I feel like I’ve been posting a lot of things that don’t really have to do with my emotional state. Is it cause I’m busier than an ant in a sugarcane field? Is it because I haven’t had many emotions lately? Is it because I don’t want to talk to you?

I don’t know. Foxy bought a bike. We rode all over Westville today, and everything was closed. Whence the whole Memorial Day sidewalk sale that I remember from my youth? Where has tradition gone? Why do all these retail people want a day off? Fuck them. Get back to work! Anyway, my bike is living in West Asheville, with tentative plans to go riding after work at least 3 days per week. I feel soooooooo much better when I’m riding.

There’s more firewood under my deck, because I am a grasshopper morphing into an ant. Let’s all remember the just-so stories. But not the racist ones.

I installed a Coca-Cola bottle opener next to my fridge. I can safely say that it will never open a Coca-Cola. But it has been pressed into service to open a Dogfish Head Raison D’Etre. Deep Mahogany Ale. Slightly sweet, mild, peachy aftertaste, but that might be because it sat out on my porch for like 2 months.

Tori Amos’s new album is the best thing ever.
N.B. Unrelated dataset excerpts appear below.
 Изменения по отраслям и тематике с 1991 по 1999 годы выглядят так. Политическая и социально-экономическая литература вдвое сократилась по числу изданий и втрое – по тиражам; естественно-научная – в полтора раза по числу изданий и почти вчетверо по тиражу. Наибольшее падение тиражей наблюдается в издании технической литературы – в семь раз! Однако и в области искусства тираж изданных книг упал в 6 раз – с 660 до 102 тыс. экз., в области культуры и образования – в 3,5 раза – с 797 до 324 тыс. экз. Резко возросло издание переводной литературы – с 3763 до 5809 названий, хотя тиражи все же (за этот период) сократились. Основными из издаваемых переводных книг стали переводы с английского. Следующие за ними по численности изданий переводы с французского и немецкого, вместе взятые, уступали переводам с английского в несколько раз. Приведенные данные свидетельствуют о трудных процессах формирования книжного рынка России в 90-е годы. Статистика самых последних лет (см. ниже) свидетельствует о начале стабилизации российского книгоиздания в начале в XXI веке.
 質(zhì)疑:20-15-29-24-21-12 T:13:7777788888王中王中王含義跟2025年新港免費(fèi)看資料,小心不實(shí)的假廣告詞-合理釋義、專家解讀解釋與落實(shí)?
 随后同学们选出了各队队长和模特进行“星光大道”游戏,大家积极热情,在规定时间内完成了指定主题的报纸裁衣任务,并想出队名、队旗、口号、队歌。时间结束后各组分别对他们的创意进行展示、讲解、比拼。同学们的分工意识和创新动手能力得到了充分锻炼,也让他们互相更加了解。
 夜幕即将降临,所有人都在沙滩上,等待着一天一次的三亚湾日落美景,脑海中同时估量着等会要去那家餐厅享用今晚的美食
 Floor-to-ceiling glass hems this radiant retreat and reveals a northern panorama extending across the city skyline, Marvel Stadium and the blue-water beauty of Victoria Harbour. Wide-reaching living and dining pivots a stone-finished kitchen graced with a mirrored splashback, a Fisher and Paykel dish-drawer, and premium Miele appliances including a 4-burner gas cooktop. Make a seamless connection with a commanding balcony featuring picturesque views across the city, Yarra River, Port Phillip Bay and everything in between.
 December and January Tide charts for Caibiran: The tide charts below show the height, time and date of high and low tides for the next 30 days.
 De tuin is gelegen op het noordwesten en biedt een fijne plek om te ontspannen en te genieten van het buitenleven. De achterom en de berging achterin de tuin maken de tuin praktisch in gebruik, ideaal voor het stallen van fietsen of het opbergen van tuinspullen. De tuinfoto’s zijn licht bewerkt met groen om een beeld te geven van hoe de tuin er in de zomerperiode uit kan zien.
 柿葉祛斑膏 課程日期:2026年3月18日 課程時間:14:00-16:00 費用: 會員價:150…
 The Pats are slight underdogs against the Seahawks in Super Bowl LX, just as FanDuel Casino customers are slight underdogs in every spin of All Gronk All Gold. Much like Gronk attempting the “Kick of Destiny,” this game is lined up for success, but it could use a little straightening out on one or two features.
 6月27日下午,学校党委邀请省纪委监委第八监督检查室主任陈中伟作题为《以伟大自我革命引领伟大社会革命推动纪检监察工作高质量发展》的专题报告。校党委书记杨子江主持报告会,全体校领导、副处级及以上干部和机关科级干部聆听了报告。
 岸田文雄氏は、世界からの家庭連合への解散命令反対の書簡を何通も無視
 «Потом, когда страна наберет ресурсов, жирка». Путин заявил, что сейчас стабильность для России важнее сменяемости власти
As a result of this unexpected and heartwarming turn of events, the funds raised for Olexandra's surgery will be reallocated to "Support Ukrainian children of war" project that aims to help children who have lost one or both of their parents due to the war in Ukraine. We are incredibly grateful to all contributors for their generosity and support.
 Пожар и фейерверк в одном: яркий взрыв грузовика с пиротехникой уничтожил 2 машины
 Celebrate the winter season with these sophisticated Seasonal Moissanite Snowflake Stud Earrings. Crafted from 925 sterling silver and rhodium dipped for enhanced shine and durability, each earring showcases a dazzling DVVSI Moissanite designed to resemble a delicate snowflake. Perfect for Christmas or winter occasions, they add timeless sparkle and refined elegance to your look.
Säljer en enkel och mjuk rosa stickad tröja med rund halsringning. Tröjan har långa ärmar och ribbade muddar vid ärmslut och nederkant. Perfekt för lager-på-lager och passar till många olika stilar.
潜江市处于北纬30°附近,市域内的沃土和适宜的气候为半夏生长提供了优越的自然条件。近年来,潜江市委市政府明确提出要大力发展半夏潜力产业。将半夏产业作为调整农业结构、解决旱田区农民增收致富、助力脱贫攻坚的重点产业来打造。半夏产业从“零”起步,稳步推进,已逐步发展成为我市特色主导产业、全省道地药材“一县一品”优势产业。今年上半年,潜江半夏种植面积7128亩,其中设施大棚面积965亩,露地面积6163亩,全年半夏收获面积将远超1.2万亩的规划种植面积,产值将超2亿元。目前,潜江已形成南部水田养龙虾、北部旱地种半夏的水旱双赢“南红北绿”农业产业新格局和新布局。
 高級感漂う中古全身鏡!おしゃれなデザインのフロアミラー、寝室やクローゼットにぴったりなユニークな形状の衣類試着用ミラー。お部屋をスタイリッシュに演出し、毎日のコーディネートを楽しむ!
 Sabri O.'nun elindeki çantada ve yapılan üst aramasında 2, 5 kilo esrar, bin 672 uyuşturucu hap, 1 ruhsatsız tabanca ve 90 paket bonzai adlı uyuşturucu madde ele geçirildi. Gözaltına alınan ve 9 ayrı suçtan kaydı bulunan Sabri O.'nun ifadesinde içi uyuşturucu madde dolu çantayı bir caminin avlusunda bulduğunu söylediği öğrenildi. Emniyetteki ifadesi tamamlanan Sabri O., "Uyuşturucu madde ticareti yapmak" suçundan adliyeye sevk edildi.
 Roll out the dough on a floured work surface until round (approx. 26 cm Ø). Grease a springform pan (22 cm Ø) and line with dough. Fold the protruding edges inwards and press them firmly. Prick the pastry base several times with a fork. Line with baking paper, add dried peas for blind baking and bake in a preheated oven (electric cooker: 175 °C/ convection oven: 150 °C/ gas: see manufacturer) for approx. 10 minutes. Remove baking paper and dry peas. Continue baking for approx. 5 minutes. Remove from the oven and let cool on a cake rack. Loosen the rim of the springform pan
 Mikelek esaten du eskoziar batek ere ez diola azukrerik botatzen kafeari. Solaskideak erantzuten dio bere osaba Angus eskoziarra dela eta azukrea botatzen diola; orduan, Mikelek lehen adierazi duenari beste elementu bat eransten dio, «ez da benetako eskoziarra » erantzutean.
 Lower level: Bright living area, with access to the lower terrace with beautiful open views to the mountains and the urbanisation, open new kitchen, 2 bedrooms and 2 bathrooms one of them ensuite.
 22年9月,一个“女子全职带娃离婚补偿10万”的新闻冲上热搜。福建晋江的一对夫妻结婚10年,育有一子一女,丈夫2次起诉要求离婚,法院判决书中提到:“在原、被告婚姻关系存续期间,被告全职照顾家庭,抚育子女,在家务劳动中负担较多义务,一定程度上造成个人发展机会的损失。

Better than sliced bread. Better than beer. (less filling!) Better than sleep. It is the album I have been waiting for Tori to make since I found out who Tori Amos was and fell in love with her angsty ass. For the past few albums, Tori has been getting more into characters. I mean, her songs have always been living, breathing people to her. She’s not going to win Realist of the Year. But recently, since maybe Choirgirl Hotel, she’s begun to write her songs from the perspective of people who are not Tori. On Strange Little Girls, her cover album, she embodied women who were represented (or under-represented) in the songs by male artists. So the chick who got cut into little pieces and thrown in the lake in ‘97 Bonnie and Clyde by Eminem got a chance to tell her side of things. That was kinda frenetic. A different personality in each song does not a cohesive album make.

In American Doll Posse, there are only five personalities. Each personality gets 4 or 5 songs to air their grievances. Pip, my favorite, is a street whore. She fuckin’ rocks. There’s also Tori [who actually (surprise!) is Tori. I'm pretty sure.], Clyde (a club kid), Isabel (a wealthy, politically liberal commentator], and Santa (who may be a housewife on the verge of insanity. I’m not sure). Anyway, Big Wheel, Teenage Hustling, and Body and Soul are my faves, followed closely by the rest of the album.